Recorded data

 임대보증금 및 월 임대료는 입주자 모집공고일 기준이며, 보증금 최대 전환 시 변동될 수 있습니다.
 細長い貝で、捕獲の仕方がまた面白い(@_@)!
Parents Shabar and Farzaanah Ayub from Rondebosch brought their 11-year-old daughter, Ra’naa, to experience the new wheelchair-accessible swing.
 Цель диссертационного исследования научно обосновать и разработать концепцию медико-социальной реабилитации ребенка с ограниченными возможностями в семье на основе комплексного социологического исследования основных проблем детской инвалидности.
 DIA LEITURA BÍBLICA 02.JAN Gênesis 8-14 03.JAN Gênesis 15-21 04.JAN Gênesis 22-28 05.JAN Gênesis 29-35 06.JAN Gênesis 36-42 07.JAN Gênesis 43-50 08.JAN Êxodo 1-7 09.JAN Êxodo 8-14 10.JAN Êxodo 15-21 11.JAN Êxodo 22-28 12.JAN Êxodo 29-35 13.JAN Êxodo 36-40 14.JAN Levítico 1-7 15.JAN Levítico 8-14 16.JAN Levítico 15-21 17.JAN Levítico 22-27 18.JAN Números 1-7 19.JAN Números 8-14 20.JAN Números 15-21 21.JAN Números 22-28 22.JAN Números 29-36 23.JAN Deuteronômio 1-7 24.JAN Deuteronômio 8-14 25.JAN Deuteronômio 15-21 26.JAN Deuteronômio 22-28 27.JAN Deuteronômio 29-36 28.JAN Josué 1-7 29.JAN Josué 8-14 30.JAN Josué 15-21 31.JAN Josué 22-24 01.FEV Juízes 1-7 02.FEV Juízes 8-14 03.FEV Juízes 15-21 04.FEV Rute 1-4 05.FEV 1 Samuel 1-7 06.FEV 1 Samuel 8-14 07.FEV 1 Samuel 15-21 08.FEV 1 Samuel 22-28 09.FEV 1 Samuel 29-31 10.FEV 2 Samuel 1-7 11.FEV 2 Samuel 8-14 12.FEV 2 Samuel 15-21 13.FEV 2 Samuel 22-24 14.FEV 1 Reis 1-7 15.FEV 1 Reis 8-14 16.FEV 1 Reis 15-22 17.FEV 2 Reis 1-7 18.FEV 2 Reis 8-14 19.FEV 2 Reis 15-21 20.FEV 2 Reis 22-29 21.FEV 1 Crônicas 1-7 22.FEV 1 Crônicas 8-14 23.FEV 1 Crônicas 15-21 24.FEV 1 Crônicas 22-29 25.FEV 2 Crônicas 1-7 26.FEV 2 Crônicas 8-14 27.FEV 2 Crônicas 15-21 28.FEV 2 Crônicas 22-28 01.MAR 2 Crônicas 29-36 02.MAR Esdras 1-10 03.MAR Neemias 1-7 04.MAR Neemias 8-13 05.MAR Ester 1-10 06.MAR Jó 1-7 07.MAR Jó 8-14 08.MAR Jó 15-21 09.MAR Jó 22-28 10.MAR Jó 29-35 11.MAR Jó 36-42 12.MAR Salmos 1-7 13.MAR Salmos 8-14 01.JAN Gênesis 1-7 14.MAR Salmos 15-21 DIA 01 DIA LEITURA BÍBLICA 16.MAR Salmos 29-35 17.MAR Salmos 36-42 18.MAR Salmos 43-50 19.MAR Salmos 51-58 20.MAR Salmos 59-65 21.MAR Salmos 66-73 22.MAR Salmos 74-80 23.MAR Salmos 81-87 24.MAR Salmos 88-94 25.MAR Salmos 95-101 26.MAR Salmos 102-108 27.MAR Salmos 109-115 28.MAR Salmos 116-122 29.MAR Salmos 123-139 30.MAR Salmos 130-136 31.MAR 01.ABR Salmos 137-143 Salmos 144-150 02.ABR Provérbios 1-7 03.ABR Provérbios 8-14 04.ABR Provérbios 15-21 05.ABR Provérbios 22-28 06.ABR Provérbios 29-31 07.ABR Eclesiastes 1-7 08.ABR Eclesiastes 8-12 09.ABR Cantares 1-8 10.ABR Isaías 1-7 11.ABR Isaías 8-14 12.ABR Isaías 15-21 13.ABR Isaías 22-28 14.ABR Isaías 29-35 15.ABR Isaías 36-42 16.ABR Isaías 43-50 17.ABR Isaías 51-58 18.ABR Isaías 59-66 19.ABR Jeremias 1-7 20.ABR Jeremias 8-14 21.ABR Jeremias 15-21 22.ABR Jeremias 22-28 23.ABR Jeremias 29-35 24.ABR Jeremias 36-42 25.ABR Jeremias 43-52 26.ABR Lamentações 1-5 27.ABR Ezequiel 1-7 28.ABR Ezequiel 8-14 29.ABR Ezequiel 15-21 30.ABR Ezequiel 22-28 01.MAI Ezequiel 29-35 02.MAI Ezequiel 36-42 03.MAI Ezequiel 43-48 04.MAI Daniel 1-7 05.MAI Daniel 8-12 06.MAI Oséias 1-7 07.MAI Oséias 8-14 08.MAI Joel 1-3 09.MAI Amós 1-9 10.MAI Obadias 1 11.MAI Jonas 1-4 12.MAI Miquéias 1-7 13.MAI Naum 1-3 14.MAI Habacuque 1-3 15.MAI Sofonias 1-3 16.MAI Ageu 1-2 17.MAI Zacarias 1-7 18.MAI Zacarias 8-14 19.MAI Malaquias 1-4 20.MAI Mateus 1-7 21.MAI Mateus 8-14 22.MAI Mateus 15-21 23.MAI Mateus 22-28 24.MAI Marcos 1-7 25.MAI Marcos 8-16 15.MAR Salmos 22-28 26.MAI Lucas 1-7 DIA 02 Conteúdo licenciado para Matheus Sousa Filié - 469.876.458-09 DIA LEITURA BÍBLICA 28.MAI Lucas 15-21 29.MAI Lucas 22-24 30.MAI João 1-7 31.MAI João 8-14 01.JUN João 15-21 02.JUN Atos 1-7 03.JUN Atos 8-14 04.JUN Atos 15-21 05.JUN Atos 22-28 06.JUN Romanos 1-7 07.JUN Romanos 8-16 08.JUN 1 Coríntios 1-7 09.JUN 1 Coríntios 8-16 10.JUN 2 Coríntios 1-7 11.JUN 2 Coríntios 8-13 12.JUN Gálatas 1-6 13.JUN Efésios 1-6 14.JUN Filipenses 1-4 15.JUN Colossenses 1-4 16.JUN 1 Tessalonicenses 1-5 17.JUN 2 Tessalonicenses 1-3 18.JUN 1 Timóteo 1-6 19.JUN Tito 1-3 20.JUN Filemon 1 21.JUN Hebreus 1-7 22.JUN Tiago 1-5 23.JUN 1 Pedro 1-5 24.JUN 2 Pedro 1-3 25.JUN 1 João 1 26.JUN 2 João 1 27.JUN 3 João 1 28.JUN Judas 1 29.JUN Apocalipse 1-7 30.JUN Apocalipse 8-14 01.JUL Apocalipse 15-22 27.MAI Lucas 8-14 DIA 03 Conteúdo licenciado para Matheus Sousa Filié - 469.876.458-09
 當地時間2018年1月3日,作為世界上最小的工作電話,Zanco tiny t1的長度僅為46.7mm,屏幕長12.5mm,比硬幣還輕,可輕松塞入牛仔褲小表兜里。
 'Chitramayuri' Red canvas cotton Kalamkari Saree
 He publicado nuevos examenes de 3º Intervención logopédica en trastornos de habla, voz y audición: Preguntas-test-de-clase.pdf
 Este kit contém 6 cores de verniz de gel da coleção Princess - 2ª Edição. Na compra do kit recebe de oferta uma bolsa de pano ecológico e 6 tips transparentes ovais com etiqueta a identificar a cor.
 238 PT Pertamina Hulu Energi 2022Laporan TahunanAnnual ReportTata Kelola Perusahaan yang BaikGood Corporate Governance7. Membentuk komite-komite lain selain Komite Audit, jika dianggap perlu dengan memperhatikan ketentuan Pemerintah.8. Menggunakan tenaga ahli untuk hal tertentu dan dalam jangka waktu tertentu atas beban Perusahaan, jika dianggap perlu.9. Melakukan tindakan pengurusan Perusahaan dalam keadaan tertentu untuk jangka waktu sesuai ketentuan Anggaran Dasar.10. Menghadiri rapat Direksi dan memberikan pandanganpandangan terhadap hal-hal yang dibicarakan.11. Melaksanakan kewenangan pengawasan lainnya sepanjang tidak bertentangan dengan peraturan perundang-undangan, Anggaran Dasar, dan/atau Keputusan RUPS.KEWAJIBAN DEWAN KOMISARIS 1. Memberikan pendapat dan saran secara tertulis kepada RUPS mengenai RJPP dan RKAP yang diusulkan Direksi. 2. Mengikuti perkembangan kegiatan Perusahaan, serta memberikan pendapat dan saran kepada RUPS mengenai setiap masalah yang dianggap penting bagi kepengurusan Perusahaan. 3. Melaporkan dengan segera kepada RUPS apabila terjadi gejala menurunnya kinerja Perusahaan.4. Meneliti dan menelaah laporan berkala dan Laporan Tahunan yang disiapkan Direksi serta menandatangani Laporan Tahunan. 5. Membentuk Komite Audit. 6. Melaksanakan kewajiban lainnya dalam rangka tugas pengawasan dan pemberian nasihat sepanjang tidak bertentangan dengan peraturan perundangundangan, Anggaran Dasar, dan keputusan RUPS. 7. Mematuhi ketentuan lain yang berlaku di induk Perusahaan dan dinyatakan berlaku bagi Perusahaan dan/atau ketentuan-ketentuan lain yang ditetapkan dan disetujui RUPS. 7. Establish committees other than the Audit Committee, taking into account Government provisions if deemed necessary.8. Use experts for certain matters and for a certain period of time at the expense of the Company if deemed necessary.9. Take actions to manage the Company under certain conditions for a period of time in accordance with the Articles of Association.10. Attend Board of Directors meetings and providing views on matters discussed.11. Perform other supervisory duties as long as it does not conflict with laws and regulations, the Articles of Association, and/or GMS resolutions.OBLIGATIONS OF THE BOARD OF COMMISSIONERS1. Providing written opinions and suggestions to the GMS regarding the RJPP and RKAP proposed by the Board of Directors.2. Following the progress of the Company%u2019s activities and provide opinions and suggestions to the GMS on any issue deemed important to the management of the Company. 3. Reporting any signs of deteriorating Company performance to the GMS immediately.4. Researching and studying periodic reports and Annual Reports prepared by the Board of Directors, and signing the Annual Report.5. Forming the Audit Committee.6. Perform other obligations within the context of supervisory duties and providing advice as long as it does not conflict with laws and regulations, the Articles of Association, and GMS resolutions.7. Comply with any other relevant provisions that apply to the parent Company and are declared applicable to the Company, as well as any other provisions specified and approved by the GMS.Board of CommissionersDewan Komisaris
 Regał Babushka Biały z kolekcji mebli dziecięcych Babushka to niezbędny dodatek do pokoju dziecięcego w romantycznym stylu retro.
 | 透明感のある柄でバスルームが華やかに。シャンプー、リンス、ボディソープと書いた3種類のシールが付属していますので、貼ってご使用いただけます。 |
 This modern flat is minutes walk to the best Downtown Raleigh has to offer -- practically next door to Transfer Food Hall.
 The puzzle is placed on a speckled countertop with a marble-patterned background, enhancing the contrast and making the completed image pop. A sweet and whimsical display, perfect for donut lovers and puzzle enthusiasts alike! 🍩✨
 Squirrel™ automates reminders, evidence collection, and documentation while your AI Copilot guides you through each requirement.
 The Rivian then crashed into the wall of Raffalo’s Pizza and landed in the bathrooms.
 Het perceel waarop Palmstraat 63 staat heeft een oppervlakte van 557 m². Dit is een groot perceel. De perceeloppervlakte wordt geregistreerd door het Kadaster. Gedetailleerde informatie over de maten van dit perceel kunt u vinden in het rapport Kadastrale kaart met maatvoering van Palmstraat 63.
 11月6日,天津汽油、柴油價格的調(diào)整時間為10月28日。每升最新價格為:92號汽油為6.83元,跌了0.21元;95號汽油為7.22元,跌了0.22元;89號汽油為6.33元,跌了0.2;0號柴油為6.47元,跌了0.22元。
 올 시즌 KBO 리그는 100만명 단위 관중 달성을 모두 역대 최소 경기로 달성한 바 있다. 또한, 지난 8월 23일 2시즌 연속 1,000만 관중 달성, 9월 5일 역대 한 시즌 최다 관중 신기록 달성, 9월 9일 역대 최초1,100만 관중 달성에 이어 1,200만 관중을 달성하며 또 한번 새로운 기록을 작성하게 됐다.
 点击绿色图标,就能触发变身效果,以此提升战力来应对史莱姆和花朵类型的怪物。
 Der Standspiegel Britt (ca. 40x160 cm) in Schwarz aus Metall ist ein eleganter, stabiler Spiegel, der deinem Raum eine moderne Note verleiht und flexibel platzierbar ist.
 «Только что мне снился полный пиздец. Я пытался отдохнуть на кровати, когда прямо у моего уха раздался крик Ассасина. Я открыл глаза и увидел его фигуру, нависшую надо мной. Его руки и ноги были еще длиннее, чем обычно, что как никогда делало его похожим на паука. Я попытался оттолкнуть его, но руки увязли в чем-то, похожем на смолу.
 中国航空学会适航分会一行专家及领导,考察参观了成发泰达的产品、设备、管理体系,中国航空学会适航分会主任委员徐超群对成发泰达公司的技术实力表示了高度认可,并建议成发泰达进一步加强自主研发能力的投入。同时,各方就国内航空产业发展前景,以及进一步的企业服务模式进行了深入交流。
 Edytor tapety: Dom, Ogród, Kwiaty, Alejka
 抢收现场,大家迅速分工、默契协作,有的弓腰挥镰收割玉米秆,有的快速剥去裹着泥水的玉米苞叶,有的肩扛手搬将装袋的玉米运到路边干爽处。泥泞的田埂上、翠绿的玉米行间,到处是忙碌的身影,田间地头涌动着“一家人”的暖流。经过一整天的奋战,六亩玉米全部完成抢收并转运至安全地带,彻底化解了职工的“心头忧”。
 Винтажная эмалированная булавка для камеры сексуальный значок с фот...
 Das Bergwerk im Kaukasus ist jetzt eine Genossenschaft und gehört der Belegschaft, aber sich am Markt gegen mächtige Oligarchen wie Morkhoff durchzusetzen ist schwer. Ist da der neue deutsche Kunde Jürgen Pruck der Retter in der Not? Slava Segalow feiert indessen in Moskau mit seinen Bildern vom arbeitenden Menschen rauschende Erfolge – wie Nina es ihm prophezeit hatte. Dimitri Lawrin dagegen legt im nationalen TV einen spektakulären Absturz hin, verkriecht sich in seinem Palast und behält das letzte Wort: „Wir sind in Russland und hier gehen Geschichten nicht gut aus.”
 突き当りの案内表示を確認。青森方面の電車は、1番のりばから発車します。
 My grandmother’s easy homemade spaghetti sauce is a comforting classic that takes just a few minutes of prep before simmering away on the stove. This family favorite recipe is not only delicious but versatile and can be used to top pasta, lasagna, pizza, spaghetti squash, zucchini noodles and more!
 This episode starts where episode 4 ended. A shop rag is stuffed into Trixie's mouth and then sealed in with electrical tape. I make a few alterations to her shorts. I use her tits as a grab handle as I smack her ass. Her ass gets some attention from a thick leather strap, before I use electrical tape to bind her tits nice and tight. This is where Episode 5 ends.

AIM OF THE TASK - Stop after the line containing "Цель диссертационного исследования": print exactly the lines from the start of the entries above up to it, that line included.

EXERCISE ANSWER -
 임대보증금 및 월 임대료는 입주자 모집공고일 기준이며, 보증금 최대 전환 시 변동될 수 있습니다.
 細長い貝で、捕獲の仕方がまた面白い(@_@)!
Parents Shabar and Farzaanah Ayub from Rondebosch brought their 11-year-old daughter, Ra’naa, to experience the new wheelchair-accessible swing.
 Цель диссертационного исследования научно обосновать и разработать концепцию медико-социальной реабилитации ребенка с ограниченными возможностями в семье на основе комплексного социологического исследования основных проблем детской инвалидности.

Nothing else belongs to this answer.